Not a general one, as far as I know. If I want to optimize my parameters I normally look at some specific features and their group plots, also in how many cases the npeaks number is higher than the number of samples, ...
But keep in mind that the mzwid parameter is unfortunately an absolute value, not a relative one. So mzwid= 0.01 could be optimal for m/z 100 - 400, but for 400 - 1000 you need mzwid=0.025 and therefore it must be set to 0.025 in general.
Quote from: "osuct"
Also, for the following figure, does it mean two features (with different two different rt range) are detected because of the two dashed lines? or is it only 1 feature is detected with larger rt range? Why there is only 1 gaussian curve for these two line of points?
As you can see in you groups result, you have only one feature at m/z 76.95. The dashed lines marks here the left and the right end of the rt region, where the feature is defined. So according to the feature, the left line is at 212.638 and the right at 223.605 mzmed mzmin mzmax rtmed rtmin rtmax npeaks 01andQC [5,] 76.95368 76.95315 76.95496 213.623 212.638 223.605 265 239
The width of the gaussian curve depends certainly on the detected peaks but also on the previously mentioned bw parameter. The kernels are scaled such that the bw parameter is the standard deviation of those kernels. So if you know that your chromatography is very stable and the retention time for a feature doesn't change much even over hundreds of samples, then you can decrease the bw parameter. This results in much more narrow curves, which would separate this feature here in two.

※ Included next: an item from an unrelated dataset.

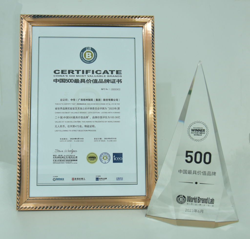 廣西梧州制藥(集團(tuán))股份有限公司“中華品牌”獲評(píng)中國500最具價(jià)值品牌,品牌價(jià)值評(píng)估為100.06億人民幣。

the centWave algorithm has a two step feature detection framework. The first step is the detection of connected centroids, which are called ROI (region of interest). If within one scan the selection of a centroid is not distinct, this could be caused by a too large search window (ppm parameter).
If you have not many warnings, you can safely ignore them. If not, then you should lower your ppm parameter.